It's because your do-while condition is incorrectly constructed.

Think about it. Your condition is quit != 'y' || quit != 'Y'. The || operator will return true if either one of the conditions is true.

The user enters 'Y': So the first condition is satisfied: quit != 'y'. Since you said do-while, so the loop is re-entered.

The user enters 'y': The first condition is not satisfied, but the second one is: quit != 'Y'. So again the loop is re-entered.

This post has been edited by Skydiver: 13 July 2012 - 07:35 AM

[Calamity-1988]

Skydiver, on 13 July 2012 - 07:30 AM, said:

It's because your do-while condition is incorrectly constructed.

Think about it. Your condition is quit != 'y' || quit != 'Y'.

The user enters 'Y': So the first condition is satisfied: quit != 'y'. Since you said do-while, so the loop is re-entered.

The user enters 'y': The first condition is not satisfied, but the second one is: quit != 'Y'. So again the loop is re-entered.

So how would I go about having the loop terminate if the user enters 'y' or 'Y'? Is that possible?

[redhat69]

I don't think there is a way too. Is it really that imortant to distinguish between upper and lower case chars in this program? Just seems like a dumb task that doesn't need to be done.

[Calamity-1988]

I agree. The entire program is dumb, but it's how I'm learning function prototyping and definitions. I don't plan to include it in the program I submit, I just want to know for my own benefit in the future. But thanks a lot for your help! You and Skydiver both helped me understand why the loop wasn't exiting. :]

[Skydiver]

Yes, it's possible. Express the condition in English (instead of trying to mangle code). You want the exit condition to be if quit is a 'Y' or if quit is a 'y'.

I can't make it any more explicit than that without writing code and getting reported for just giving away the solution.

This post has been edited by Skydiver: 13 July 2012 - 07:41 AM

[redhat69]

Calamity-1988, on 13 July 2012 - 07:35 AM, said:

Skydiver, on 13 July 2012 - 07:30 AM, said:

It's because your do-while condition is incorrectly constructed.

Think about it. Your condition is quit != 'y' || quit != 'Y'.

The user enters 'Y': So the first condition is satisfied: quit != 'y'. Since you said do-while, so the loop is re-entered.

The user enters 'y': The first condition is not satisfied, but the second one is: quit != 'Y'. So again the loop is re-entered.

So how would I go about having the loop terminate if the user enters 'y' or 'Y'? Is that possible?

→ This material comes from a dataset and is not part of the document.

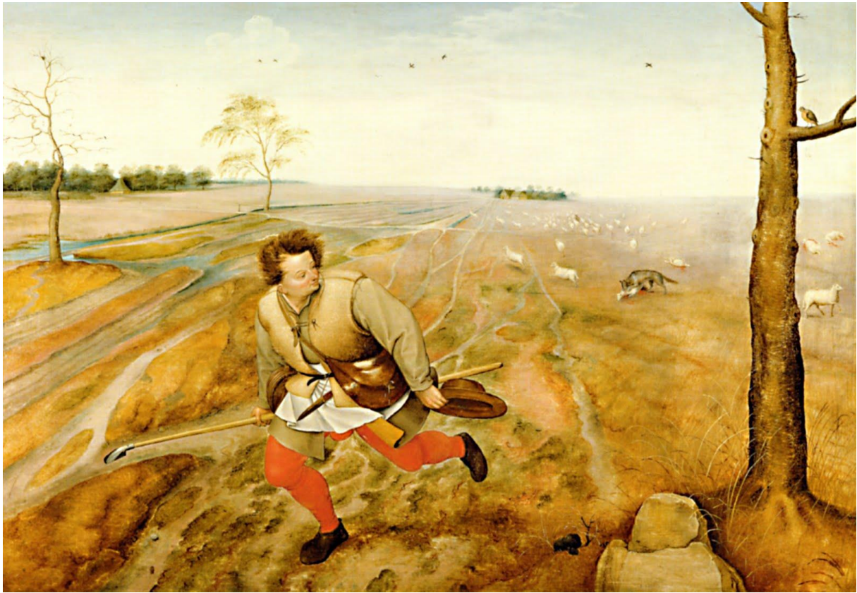
Le mauvais Pasteur, Jean Bruegel le Jeune

C'est au départ de Marie que Léo va prendre conscience qu'il a un devoir à accomplir, qu'il doit s'occuper de la vie d'un autre, la défendre, de pourvoir à ces besoins. Il comprend qu'il va devoir devenir un berger, car il est le père de son fils : « Le seigneur est mon berger 3 . » / « Voici l'agneau de dieu qui enlève le péché du monde 4 . » Cette prise de conscience est montrée par la découverte de Léo de la violence meurtrière du loup. Alors qu'il constate le carnage du loup sur le troupeau, Léo se retrouve dans la bergerie, son fils dans les bras et assimile enfin la valeur des vies détruite et la charge du berger à les défendre, il comprend alors ce que Marie veut dire « quand bien même on serait indemnisé on ne veut pas nourrir le loup », il prend conscience de la valeur des vies détruites et de l'horreur de la violence. Il prend conscience de l'impact d'une vie sur une autre. Il prend conscience de l'Autre.
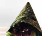
22. TUNA tonijn handroll

Make the whole looop into a function>>>call function>>>>>use if statement to decide whether or not to run it again maybe.

[Calamity-1988]

Skydiver, on 13 July 2012 - 07:41 AM, said:

Yes, it's possible. Express the condition in English (instead of trying to mangle code). You want the exit condition to be if quit is a 'Y' or if quit is a 'y'.

I can't make it any more explicit than that without writing code and getting reported for just giving away the solution.

Got it, I think.

int main() // The code is limited here to rely mainly on functions.
{
	int vacationDays, sickDays, usedVacation, usedSick;
	bool quitting = false;
	char quit;
	while(quitting != true)
	{
		explanation();
		employeeType(vacationDays, sickDays);
		usedVacation = vacation(vacationDays);
		usedSick = sick(sickDays);
		calculate(usedVacation, usedSick);
		cout << "Would you like to quit? Selecting 'N' will repeat the program. <Y/N>: ";
		cin >> quit;
		if (quit == 'y' || quit == 'Y')
		{
			quitting = true;
		}
		cout << endl;
	}
	cout << "Press any key to terminate the program." << endl;
	cin.get();
	cin.get();
	return 0;
};

Works perfectly!

[Skydiver]

redhat69, on 13 July 2012 - 07:39 AM, said:

I don't think there is a way too. Is it really that imortant to distinguish between upper and lower case chars in this program? Just seems like a dumb task that doesn't need to be done.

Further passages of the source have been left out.